MODEL_CHECKPOINT_PATH = "../models/drlnd_p1_model.pth"

In [None]:
sys.path.append(SRC_PATH)

In [None]:
from agents import DQNAgent
from environments import UnityEnvWrapper

## Create and explore the Unity environment

In [None]:
unity_env = UnityEnvironment(file_name=ENVIRONMENT_PATH)

Environments contain **_brains_** which are responsible for deciding the actions of their associated agents. Here we check for the first brain available, and set it as the default brain we will be controlling from Python.

In [None]:
brain_name = unity_env.brain_names[0]
brain = unity_env.brains[brain_name]

In [None]:
# reset the environment
env_info = unity_env.reset(train_mode=True)[brain_name]

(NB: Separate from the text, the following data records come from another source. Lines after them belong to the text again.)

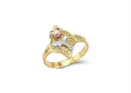 Three Tone Plated Filigree Flower Ring
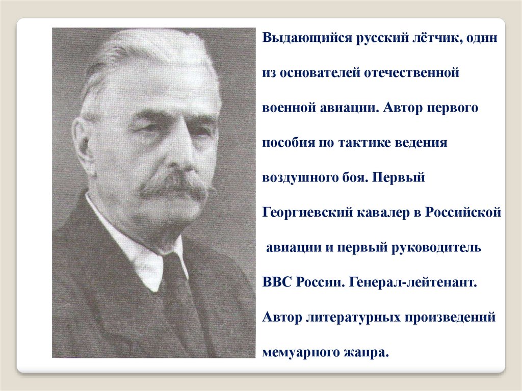 Выдающийся русский лётчик, одиниз основателей отечественной
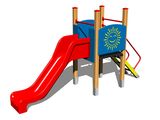 Vež, šmýkačka, 2x bariéra, šikmý výlez s nášľapy a kovovými madlami. Viac informácií
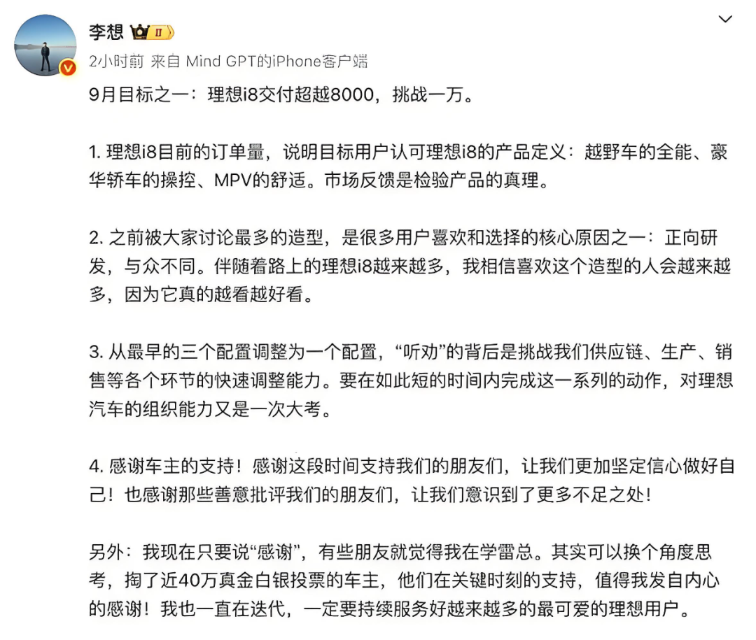 在产品上,李想提到了聚焦用户价值,而非只是交付,对用户真正有价值的东西才值得交付,而不仅仅是完成各种交付的任务。
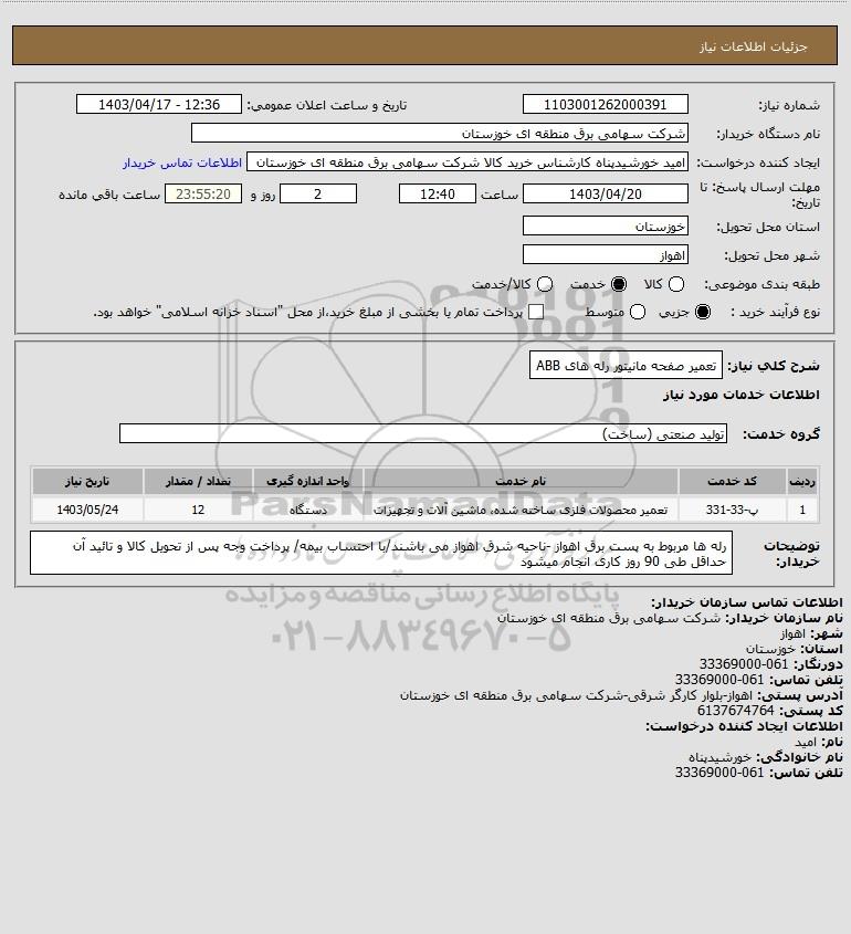 شرح کلی نیاز: تعمیر صفحه مانیتور رله های ABB

# number of agents in the environment
print('Number of agents:', len(env_info.agents))

# number of actions
action_size = brain.vector_action_space_size
print('Number of actions:', action_size)

# examine the state space 
state = env_info.vector_observations[0]
print('States look like:', state)
state_size = len(state)
print('States have length:', state_size)

## Training an agent

We wrap the Unity environment to be compatible with Gym. That way we don't need to change the agent's implementation.

In [None]:
env = UnityEnvWrapper(unity_env)

Instantiate a `DQNAgent` and learn on the given environment:

In [None]:
agent = DQNAgent(state_size=state_size, action_size=action_size, seed=0)

In [None]:
scores = agent.learn(environment=env, model_checkpoint_path=MODEL_CHECKPOINT_PATH)

### Scores

In [None]:
fig = plt.figure()
ax = fig.add_subplot(111)
x = np.arange(len(scores))
plt.plot(x, scores)
plt.plot(x, pd.Series(scores).rolling(100).mean())
plt.ylabel('Score')
plt.xlabel('Episode #')
plt.show();

## Load model and watch a trained agent

In [None]:
agent = DQNAgent(state_size=state_size, action_size=action_size).load_model(MODEL_CHECKPOINT_PATH)

In [None]:
state = env.reset(train_mode=False)
score = 0
while True:
    action = agent.act(state)
    next_state, reward, done = env.step(action)
    score += reward
    state = next_state
    if done:
        break
    
print("Score: {}".format(score))

In [None]:
env.close()